Initialize a StringTree object.
build
build(strings, labels, min_precision=0.5, min_token_length=1, max_patterns=None, min_matches_leaf=1, min_strings_leaf=1, verbose=False)
Build a StringTree.
For the StringTree object being used, create nodes and corresponding patterns. Use provided strings and labels.
Parameters:
-
strings(list[str]) –List of strings.
-
labels(list[int]) –List of labels (0 or 1).
-
min_precision(float, default:0.5) –The minimal precision of a pattern in the tree.
-
min_token_length(int, default:1) –The initial length of the pattern.
-
max_patterns(int, default:None) –The highest amount of patterns. Once the method finds more, it stops.
-
min_matches_leaf(int, default:1) –The minimal amount of matches in one node.
-
min_strings_leaf(int, default:1) –The minimal amount of strings in one node.
-
verbose(bool, default:False) –If to provide additinal text output.
filter
filter(strings, return_nodes=False)
Return strings matching the tree and corresponding nodes.
A string matches a tree if it matches at least one node.
Parameters:
-
strings(list[str]) –List of strings.
-
return_nodes(bool, default:False) –Flag indicating if to return nodes corresponding to the matched strings. If False, only matched strings are returned.
Returns:
-
matches(list[int]) –List containing matching strings.
-
matched_nodes(list[PatternNode]) –List consisting of PatternNodes of matching strings. Returned only if return_nodes is True.
get_leaves
get_leaves()
Get leaves attribute.
get_nodes_by_label
get_nodes_by_label(label)
Get nodes where the label is the most probable.
match
match(strings, return_nodes=False)
Return flags indicating if strings match the tree.

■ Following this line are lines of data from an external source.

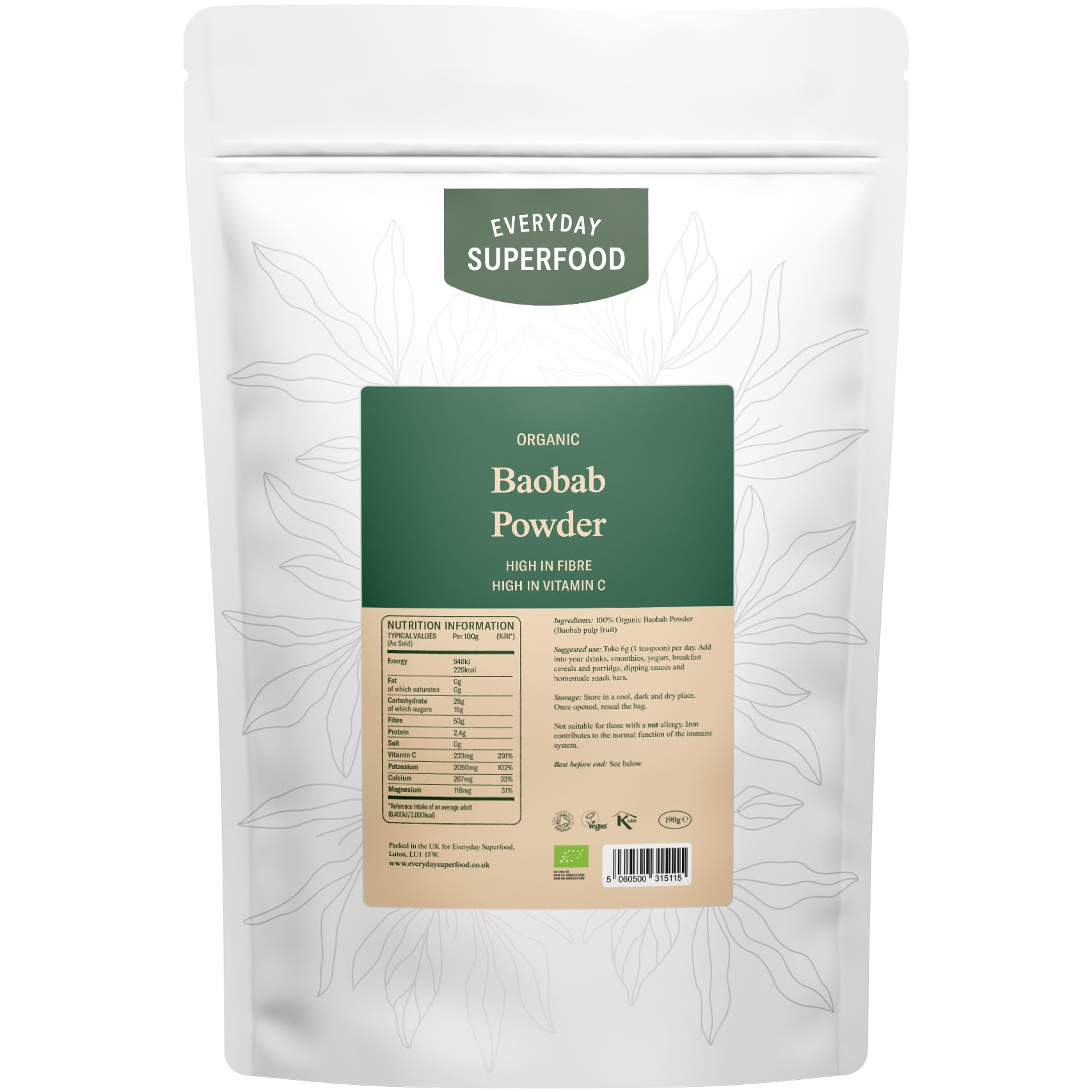 Everyday Superfood Organic Baobab Powder 190g, High Vitamin C, Perfect in Smoothies, Tea and Baking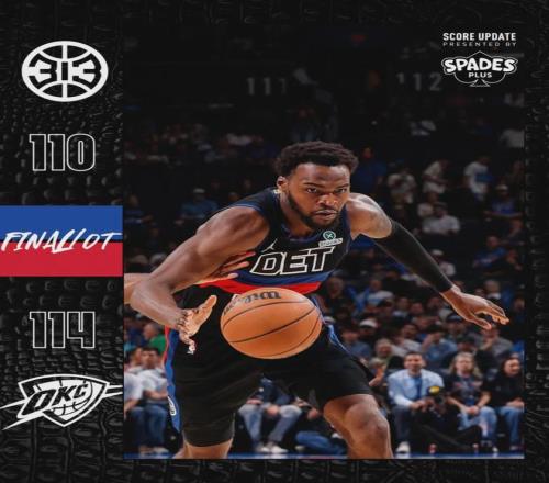 北京時(shí)間3月31日,NBA常規(guī)賽:西部第一的雷霆114-110加時(shí)擊敗東部第一的活塞??矊幇埠徒軅?杜倫兩大核心缺陣,活塞拼到了最后一刻。此役過后,雷霆60勝16負(fù)領(lǐng)先馬刺2.5個(gè)勝場(chǎng),成為本賽季第一支拿到60勝的球隊(duì)。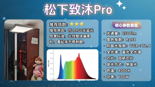 落地护眼台灯哪个品牌好用?松下致沐Pro适合15㎡左右的小书房或儿童房,灯体采用铝合金材质搭配金属配色,线条流畅做工精细,没有多余装饰,摆放在简约风或轻奢风空间中不突兀,且结构稳固,孩子轻微碰撞不易倾倒。防眩光指数UGR<12.4,正常坐姿下直视灯头无明显晃眼感,符合国AA级照明标准。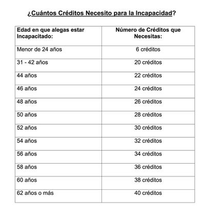 * Estos son solamente estimados, debe corroborar directamente en su estado de cuenta actual para ver exactamente cuántos créditos vigentes tiene. También vea nuestro artículo de: ¿Quién es Elegible para los Beneficios por Incapacidad?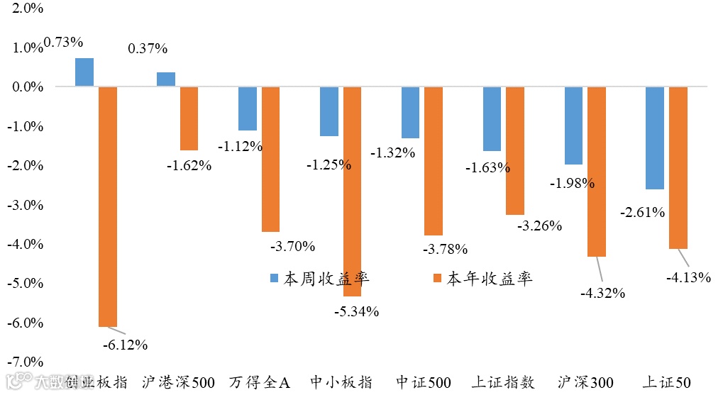 本周市场整体下行,小盘股相对大盘股表现更佳。万得全A下跌1.12%,沪深300下跌1.98%,创业板指上涨0.73%。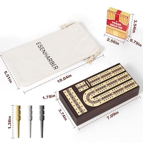 Este conjunto de jogo lindamente trabalhado apresenta um tabuleiro de madeira resistente com um layout sofisticado de 3 pistas, design dobrável ideal para envolver de 2 a 4 jogadores em uma competição estratégica e agradável. A placa está equipada com um fecho magnético seguro, garantindo que todos os componentes permaneçam seguros no lugar durante o transporte ou armazenamento. Incluídos no conjunto estão 9 pinos de metal duráveis, proporcionando uma sensação premium e jogabilidade suave, juntamente com um baralho completo de cartas para começar seus jogos imediatamente. O compartimento de armazenamento integrado mantém todos os pinos e cartões bem organizados, tornando a configuração e limpeza sem esforço. Se você estiver desfrutando de uma noite de jogo aconchegante em casa ou procurando entretenimento em movimento, este conjunto de tabuleiro Cribbage é o complemento perfeito para qualquer coleção, adequado para jogadores a partir de 8 anos. - Design dobrável com fecho magnético: o tabuleiro de cribbage da Esenharber Games apresenta uma construção de madeira premium com uma trava magnética segura, garantindo que o tabuleiro permaneça fechado e protegido durante a viagem ou armazenamento, preservando a integridade dos componentes do jogo. - Pinos de metal duráveis e baralho completo de cartas: incluídos no conjunto estão 9 pinos de metal de alta qualidade que oferecem uma experiência de jogo robusta e tátil, complementada por um baralho completo de cartas de baralho, prontas para uso imediato em seus jogos de Cribbage. - Compartimento de armazenamento integrado: projetado com conveniência em mente, o quadro inclui uma área de armazenamento integrada dentro do quadro que abriga perfeitamente todos os pinos e cartões, simplificando a configuração e garantindo que todas as peças estejam prontamente disponíveis quando necessário. - Layout versátil de 3 faixas para 2 a 4 jogadores: o design clássico de 3 faixas contínuas do tabuleiro acomoda vários jogadores, permitindo jogos competitivos e envolventes entre amigos e familiares, melhorando o aspecto social da noite de jogos. - Portátil e amigo de viagem: dobrável, compacto e leve, este conjunto de tabuleiro de berço é ideal para entretenimento em movimento. Se você estiver viajando ou simplesmente desfrutando de uma noite tranquila em casa, este conjunto é projetado para proporcionar horas de diversão sem ocupar muito espaço.

A string matches a tree if it matches at least one node.
Parameters:
-
strings(list[str]) –List of strings.
-
return_nodes(bool, default:False) –Flag indicating if to return nodes corresponding to the matched strings. If False, only matched strings are returned.
Returns:
-
matches(list[int]) –List containing 1 (match) and 0 (no match) for each string.
-
matched_nodes(list[PatternNode]) –List consisting of PatternNodes of matching strings. If not match found, None is retured. Returned only if return_nodes is True.
precision_score
precision_score(strings, labels)
Calculate a precision score for given strings and labels.
predict_label
predict_label(strings, return_nodes=False)
Predict labels for given strings.
recall_score
recall_score(strings, labels)
Calculate a recall score for given strings and labels.
set_leaves
set_leaves(leaves)
Set leaves attribute.